Di Thailand, alat tes antigen dijual secara online, di toko serba ada dan apotek, dengan harga mulai dari sekitar 50 baht (£ 1,13). Pemerintah juga telah mulai menjual tes antigen seharga 35 baht (79p) di delapan lokasi di Bangkok dan online. Jika Anda ingin berwisata ke suatu tempat tujuan wisata, Anda mungkin diharuskan mengikuti tes sebelum masuk, dan ini bisa lebih mahal. Biaya tes PCR berkisar dari 1.300 baht di beberapa daerah hingga 4.500 baht.

Di AS, biaya dan akses ke antigen cepat dan pengujian PCR sangat bervariasi tergantung di mana Anda tinggal dan asuransi kesehatan apa yang Anda miliki, jika ada. Tes antigen cepat dapat menghabiskan biaya sekitar $15 (£11) di apotek atau supermarket, tetapi sejak Januari telah terjadi peningkatan besar dalam situs pengujian gratis di seluruh negeri, serta jutaan alat tes untuk sekolah.

Tes PCR tersedia di klinik swasta, dengan biaya $100 atau lebih, tetapi Anda juga bisa mendapatkannya secara gratis dari beberapa rumah sakit dan klinik, meskipun aksesnya sangat bervariasi.

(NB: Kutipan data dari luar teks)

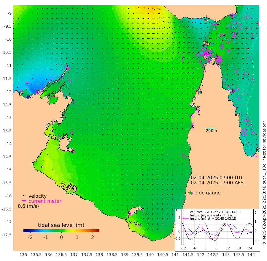 18cm/s -34T +3cm/s rms + 7cm/s -42T. ARA-GOC87 57m 18cm/s 23T +3cm/s rms + 2cm/s -2T. ARA-GOC87 60m 14cm/s -42T +2cm/s rms + 3cm/s 61T. ARA-GOC87 47m -69cm Daru -73cm Bobo Island -63cm Meer Island Barge -72cm Bramble Cay -69cm Unnamed Cay -84cm Pearce Cay -73cm Stephens Island -65cm Merrie England Shoals -63cm Mutacomal Reef -65cm Darnley Island Barge -71cm East Cay -62cm Yorke Island Barge -70cm Rennel Island -72cm Aureed Island -74cm Dungeness Reef -56cm Zagai Island -53cm Yam Island -69cm Dauan Island -46cm Saibai Island -88cm Phipi Reef -69cm Warrior Reef - West -43cm Mabuiag Island Barge -61cm Half Way Island -70cm Coconut Island -60cm Dugong Islet -61cm Poll Island -55cm Kirkcaldie Reef -70cm Suarji Island -43cm Sue Islet -67cm Hawkesbury Island -59cm Alert Patches -56cm Twin Island -81cm Badu Island -54cm St Pauls (Moa Island) -71cm Kubin (Moa Island) -55cm Ince Point -55cm Thursday Island -56cm Nardana Patches -74cm Turtle Head -69cm Round Island -81cm Goods Island -64cm Booby Island -70cm White Rocks Area -4cm Carpentaria -46cm Papou Point -73cm Bampfield Head -43cm Crab Island -58cm Red Wallis Island -76cm Packe Island -65cm Harrington Reef -66cm Herald Camp -1cm Sharp Point -54cm Red Island Point -58cm Possession Island -38cm Alpha Rock -60cm Frederick Point -65cm Wyborn Reef Light -62cm Tetley Island -62cm Triangle Reef -69cm Turtle Head Island -63cm Maclennan Cay -64cm Raine Island -67cm Mcsweeny Reef -64cm Collette Reef -60cm Shadwell Reef -70cm Hannibal Island -77cm Round Point -14cm Vrilya Point -63cm Cape Grenville -70cm Hicks Island -73cm Sir Charles Hardy Island -19cm Harvey Island -62cm Kay Reef -67cm Rocky Island -69cm Chapman Island -58cm Ham Reef -61cm Jubilee Reef -59cm Night Island -61cm Unnamed Reef No. 3 -69cm Morris Island -67cm 1st 3 Mile Opening -63cm Creech Reef -68cm Fife Island -77cm Eden Reef -61cm Stanley Island -68cm Normanby River -136cm Yabooma Island -174cm Hutchison River -136cm Elcho Island -125cm North West Crocodile Island -72cm Cape Wessel -112cm Stevens Island -79cm Guluwuru Island -104cm Hopeful Bay -88cm Auster Point -80cm Two Island Bay -132cm Cadell Strait -14cm Mallison Island -81cm Melville Bay (Gove Harbour) -81cm Truant Island -52cm Cape Arnhem -27cm Cape Grey -19cm Hawk Island 21cm Milner Bay (Groote Eylandt) 21cm Cape Beatrice 63cm West Island 65cm Centre Island 5cm Mornington Island 12cm West Wellesley Islands -29cm Bountiful Island -20cm Albert River Mouth -11cm Sweers Island -22cm Karumba -30cm Nassau River Offshore -44cm Christmas Creek -44cm Archer River -36cm Boyd Point -57cm Weipa (Humbug Point) -14cm Pennefather River -25cm Cullen Point

Sejak 15 Januari, perusahaan asuransi kesehatan swasta diharuskan menanggung biaya hingga delapan tes rumah cepat.

Untuk sekitar 28 juta orang tanpa asuransi kesehatan, pemerintahan Biden mengatakan akan membeli satu miliar tes gratis, yang dapat diminta orang secara online atau di klinik kesehatan dan apotek setempat, meskipun tidak jelas berapa banyak yang telah diamankan dan didistribusikan sejauh ini.

Cek Berita dan Artikel yang lain di Google News

Simak Video Pilihan di Bawah Ini :

Simak berita lainnya seputar topik artikel ini, di sini :

Covid-19 Tes PCR
Editor : Mia Chitra Dinisari

Bergabung dan dapatkan analisis informasi ekonomi dan bisnis melalui email Anda.